Il Natale è una festa che unisce praticamente tutti, credenti (cristiani o altro) e atei, ma quale è il motivo profondo che permette questo miracolo? Per la religione cattolica si festeggia la nascita del Cristo Redentore. Ma ormai tutti sanno, se hanno letto i Vangeli, che Gesù non può essere nato il 25 dicembre, anche solo per il fatto che a dicembre, in Palestina, non ci sono pastori nelle campagne, né può essere nato 2021 anni fa, perché il censimento chiesto dall’imperatore di Roma era avvenuto anni prima. Non è un caso, poi, che la festa (come peraltro tantissime altre feste cristiane) sia stata decisa dal Concilio di Nicea nel xx d.C. sovrapponendola a quella pagana del “Sol invictus”. Ecco, proprio questa sovrapposizione spiega il senso profondo della festa che non è solo la nascita di una persona o di un Dio per i cristiani, ma la sopravvivenza attraverso una rinascita per tutti.
Noi moderni non ce ne rendiamo più conto, a causa della presenza costante di luce, naturale o artificiale che sia, ma l’osservazione che il sole riprendeva a splendere per maggior tempo durante la giornata e con maggior vigore dopo essere stato quasi per scomparire, quel sole che oggettivamente non muore e non morirà per miliardi di anni ancora, rappresenta la fiducia nella prosecuzione della specie umana, cioè si sublima nel senso della rinascita, si oggettivizza nell’amore che permette la riproduzione della propria specie mettendo al mondo dei figli. Il Natale è la festa del futuro che vediamo: i nostri figli.

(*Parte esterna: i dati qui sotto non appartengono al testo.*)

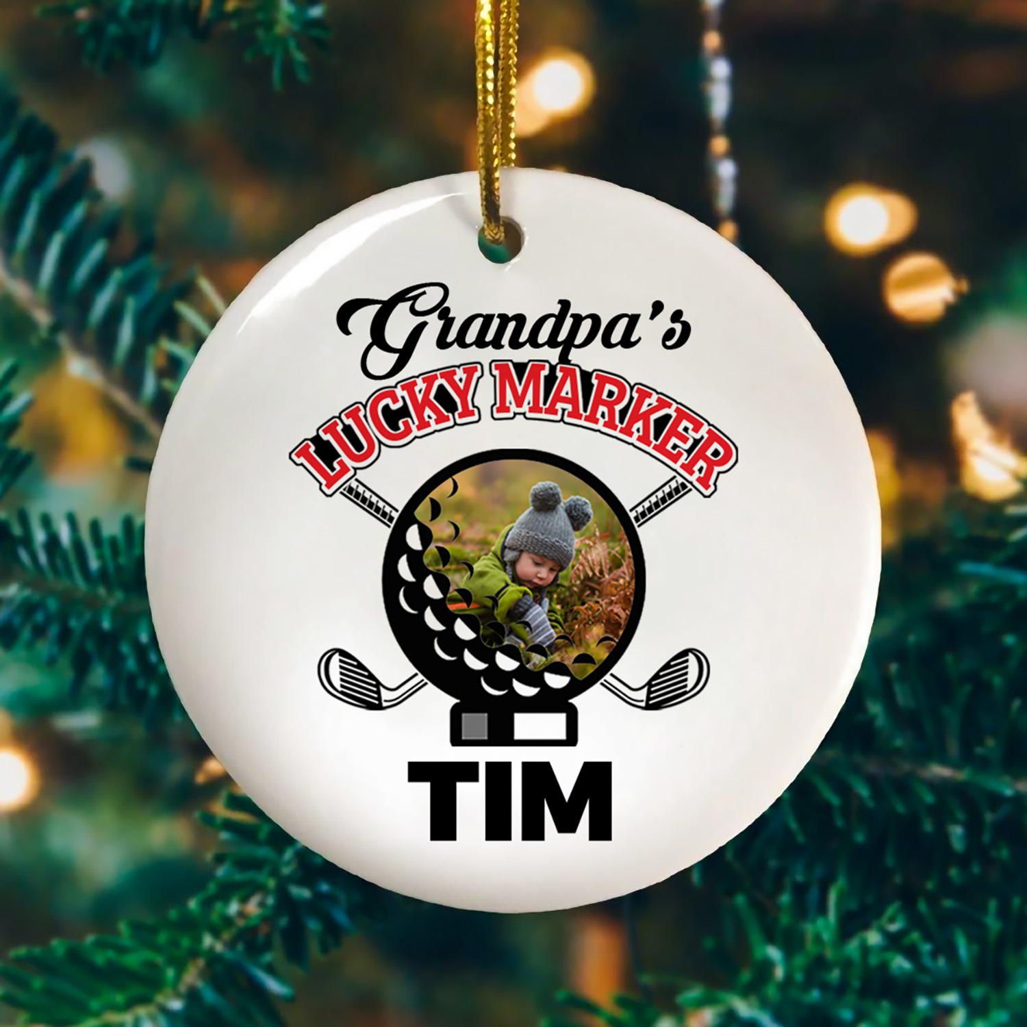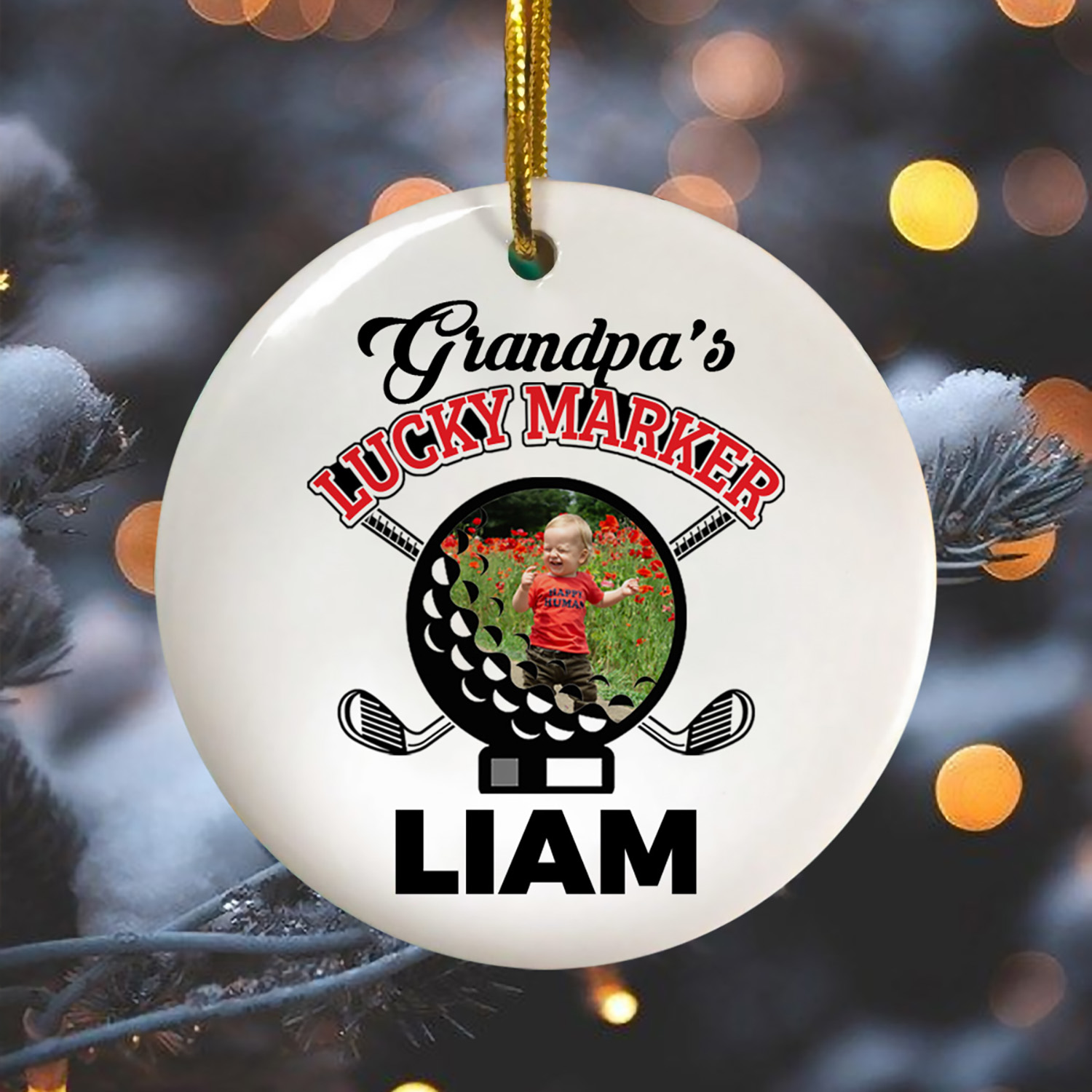 Let’s Shop Personalized Photo Grandpa’s Lucky Marker Golf Decorative Christmas Ornament – Holiday Flat Circle Ornament!

Per noi del mondo della scuola, che amiamo e lavoriamo per il bene dei figli di tutti, il Natale è quindi una festa da non mancare e ricordare in tutte le sue sfaccettature. Alla “Melone” di Ladispoli, in particolare, sperando che l’intelligenza delle persone non ci costringa ancora a un ulteriore terribile lock down (terribile in quanto distruttore dell’economia, ma soprattutto perché causato da morti che potrebbero essere nostro amici e parenti) vogliamo festeggiare una doppia speranza, quella della rinascita dell’uomo e quella della rinascita della socialità, facendo rivivere quei momenti di riaggregazione, mantenendo sempre tutte le misure di sicurezza anti CoViD che hanno tenuto lontano dalla nostra scuola il Sars Cov 2, come l’arrivo di Babbo Natale (quel San Nicola che ricompose e fece rivivere i pezzi dei bambini che un oste voleva servire la sera a cena ai suoi ignari avventori), la decorazione di tutti gli spazi (perché se si vive in spazi allegri, la tristezza fugge via), il presepe vivente (per riportare entro la scuola i genitori sinora tenuti lontano per le misure di sicurezza), le pastorelle (per rallegrare con la musica dei nostri ragazzi le vie del centro), il concorso fra ragazzi per il presepe più particolare (ne abbiamo visti di incredibili a dimostrazione che la fantasia non ha limiti), l’accoglienza di autorità religiose (per non far dimenticare che essere è più importante che avere), il mercatino degli oggetti elaborati da bambini e ragazzi (per raccogliere fondi per aiutare chi ha bisogno) e tantissime altre attività che l’esperienza detta ai docenti per donare gioia al nostro futuro.
Il nostro Natale è la rinascita della vicinanza, della ripresa, della speranza che il nostro mondo non termini con noi e fino a che vedremo occhi spendenti di felicità dei nostri figli quella speranza vivrà ancora.